What you "know" about CDFs is that they eventually approach zero as the argument $x$ decreases without bound and eventually approach one as $x \to \infty$. They are also non-decreasing, so this means $0\leq F(y)\leq F(x)\leq 1$ for all $y\leq x$.
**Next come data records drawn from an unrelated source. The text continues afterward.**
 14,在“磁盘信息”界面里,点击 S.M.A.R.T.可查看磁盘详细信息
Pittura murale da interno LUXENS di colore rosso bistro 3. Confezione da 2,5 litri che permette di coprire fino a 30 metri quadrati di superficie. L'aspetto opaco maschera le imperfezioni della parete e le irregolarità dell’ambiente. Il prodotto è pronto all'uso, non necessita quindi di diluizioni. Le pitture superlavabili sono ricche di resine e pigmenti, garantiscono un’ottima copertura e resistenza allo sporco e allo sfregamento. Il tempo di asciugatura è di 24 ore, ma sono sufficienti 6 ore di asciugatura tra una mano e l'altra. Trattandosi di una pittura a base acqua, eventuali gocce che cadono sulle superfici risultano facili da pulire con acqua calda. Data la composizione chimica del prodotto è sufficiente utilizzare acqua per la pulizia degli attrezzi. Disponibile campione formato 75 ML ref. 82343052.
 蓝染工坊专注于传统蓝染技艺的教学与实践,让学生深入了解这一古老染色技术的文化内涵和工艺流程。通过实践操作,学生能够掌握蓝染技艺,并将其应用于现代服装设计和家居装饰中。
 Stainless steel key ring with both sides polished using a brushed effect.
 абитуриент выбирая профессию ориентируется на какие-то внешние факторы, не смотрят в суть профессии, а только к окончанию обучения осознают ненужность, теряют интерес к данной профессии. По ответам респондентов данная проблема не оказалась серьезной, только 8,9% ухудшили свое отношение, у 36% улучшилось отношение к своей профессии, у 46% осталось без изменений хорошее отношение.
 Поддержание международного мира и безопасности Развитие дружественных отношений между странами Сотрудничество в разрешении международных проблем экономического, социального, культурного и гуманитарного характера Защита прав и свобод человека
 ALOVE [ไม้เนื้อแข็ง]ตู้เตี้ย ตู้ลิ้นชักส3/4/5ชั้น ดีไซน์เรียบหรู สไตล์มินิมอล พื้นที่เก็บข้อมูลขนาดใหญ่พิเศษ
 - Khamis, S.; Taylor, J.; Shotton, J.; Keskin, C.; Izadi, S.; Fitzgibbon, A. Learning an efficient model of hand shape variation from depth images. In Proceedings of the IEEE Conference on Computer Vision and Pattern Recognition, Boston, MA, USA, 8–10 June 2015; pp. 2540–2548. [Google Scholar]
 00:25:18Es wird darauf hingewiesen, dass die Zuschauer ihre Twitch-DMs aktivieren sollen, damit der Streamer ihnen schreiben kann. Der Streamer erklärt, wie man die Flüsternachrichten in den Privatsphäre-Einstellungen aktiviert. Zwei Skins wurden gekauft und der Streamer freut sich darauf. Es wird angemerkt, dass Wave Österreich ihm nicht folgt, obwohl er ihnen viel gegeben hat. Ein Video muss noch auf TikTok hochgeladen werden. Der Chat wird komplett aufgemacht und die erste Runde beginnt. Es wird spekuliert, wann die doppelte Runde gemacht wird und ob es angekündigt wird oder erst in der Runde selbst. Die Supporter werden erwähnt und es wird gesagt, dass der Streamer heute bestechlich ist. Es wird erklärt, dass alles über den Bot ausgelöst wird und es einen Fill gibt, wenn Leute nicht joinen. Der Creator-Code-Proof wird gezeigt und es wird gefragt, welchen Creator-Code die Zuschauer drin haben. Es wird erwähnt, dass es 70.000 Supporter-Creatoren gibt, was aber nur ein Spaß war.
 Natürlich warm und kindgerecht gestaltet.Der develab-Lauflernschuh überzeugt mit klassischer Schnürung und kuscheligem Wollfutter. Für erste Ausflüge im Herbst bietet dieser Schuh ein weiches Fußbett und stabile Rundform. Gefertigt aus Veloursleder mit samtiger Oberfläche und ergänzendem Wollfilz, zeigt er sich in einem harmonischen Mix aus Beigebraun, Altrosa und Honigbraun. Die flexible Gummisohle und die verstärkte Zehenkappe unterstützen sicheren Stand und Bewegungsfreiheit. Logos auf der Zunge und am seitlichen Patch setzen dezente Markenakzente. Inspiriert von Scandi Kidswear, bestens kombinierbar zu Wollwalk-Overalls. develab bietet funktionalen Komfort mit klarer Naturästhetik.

So if we plug in the CDF we get:

$$0\leq 1-x^{-\alpha}\leq 1\implies 1\geq \frac{1}{x^{\alpha}}\geq 0\implies x^{\alpha}\geq 1 > 0\implies x\geq 1 \>.$$

From this we conclude that the support for $x$ is $x\geq 1$. Now we also require $\lim_{x\to\infty} F(x)=1$ which implies that $\alpha>0$

To work out what values the expectation exists, we require:

$$\newcommand{\rd}{\mathrm{d}}E(X)=\int_{1}^{\infty}x\frac{\rd F(x)}{\rd x}\rd x=\alpha\int_{1}^{\infty}x^{-\alpha} \rd x$$

And this last expression shows that for $E(X)$ to exist, we must have $-\alpha<-1$, which in turn implies $\alpha>1$. This can easily be extended to determine the values of $\alpha$ for which the $r$'th raw moment $E(X^{r})$ exists.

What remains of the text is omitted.